2. Aux termes aux termes de l'article L. 561-2 du code de l'entrée et du séjour des étrangers et du droit d'asile : " Sauf si sa présence constitue une menace pour l'ordre public, le ressortissant étranger qui s'est vu reconnaître la qualité de réfugié ou qui a obtenu le bénéfice de la protection subsidiaire peut demander à bénéficier de son droit à être rejoint, au titre de la réunification familiale : / (...)/ 3° Par les enfants non mariés du couple, n'ayant pas dépassé leur dix-neuvième anniversaire. (...) / L'âge des enfants est apprécié à la date à laquelle la demande de réunification familiale a été introduite ". Aux termes de l'article L. 561-5 du même code : " Les membres de la famille d'un réfugié ou d'un bénéficiaire de la protection subsidiaire sollicitent, pour entrer en France, un visa d'entrée pour un séjour d'une durée supérieure à trois mois auprès des autorités diplomatiques et consulaires, qui statuent sur cette demande dans les meilleurs délais. Ils produisent pour cela les actes de l'état civil justifiant de leur identité et des liens familiaux avec le réfugié ou le bénéficiaire de la protection subsidiaire. / En l'absence d'acte de l'état civil ou en cas de doute sur leur authenticité, les éléments de possession d'état définis à l'article 311-1 du code civil et les documents établis ou authentifiés par l'Office français de protection des réfugiés et apatrides, sur le fondement de l'article L. 121-9 du présent code, peuvent permettre de justifier de la situation de famille et de l'identité des demandeurs.

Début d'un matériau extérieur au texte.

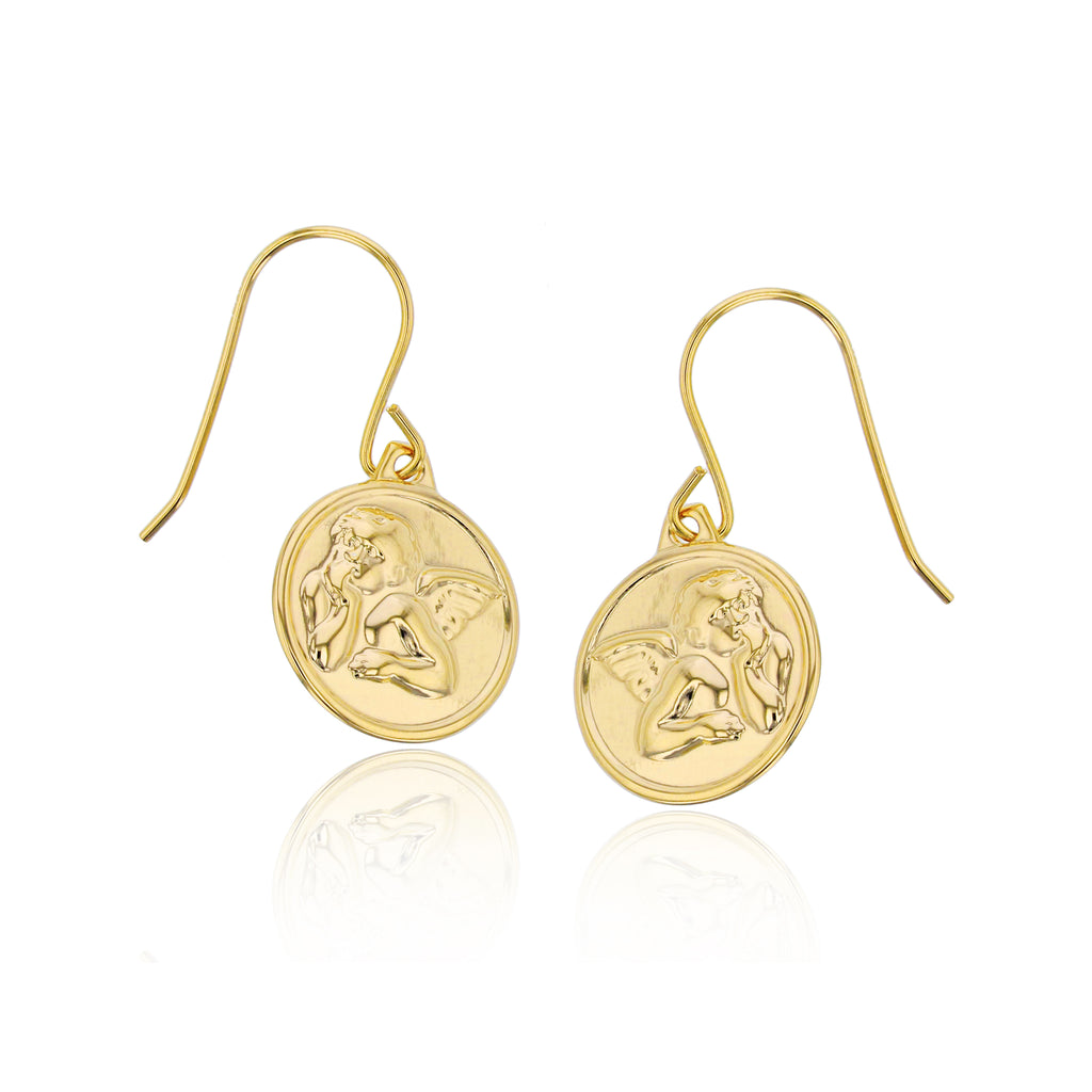 Thoughtful Baby Angel Hanging Earrings (14K)

Les éléments de possession d'état font foi jusqu'à preuve du contraire. Les documents établis par l'office font foi jusqu'à inscription de faux. ". Aux termes de l'article 311-1 du code civil : " La possession d'état s'établit par une réunion suffisante de faits qui révèlent le lien de filiation et de parenté entre une personne et la famille à laquelle elle est dite appartenir./ Les principaux de ces faits sont :/ 1° Que cette personne a été traitée par celui ou ceux dont on la dit issue comme leur enfant et qu'elle-même les a traités comme son ou ses parents ;/ 2° Que ceux-ci ont, en cette qualité, pourvu à son éducation, à son entretien ou à son installation ; /3° Que cette personne est reconnue comme leur enfant, dans la société et par la famille ; /4° Qu'elle est considérée comme telle par l'autorité publique ; /5° Qu'elle porte le nom de celui ou ceux dont on la dit issue ".

3. Les visas sollicités ont été refusés aux motifs, d'une part, que les documents produits à l'appui des demandes de visa ne permettent pas d'établir l'identité et le lien familial des demandeurs de visas à l'égard de la réunifiante, Mme A... B... et, d'autre part, qu'il n'est pas produit de document d'état civil pour l'enfant F... I..., né au Maroc.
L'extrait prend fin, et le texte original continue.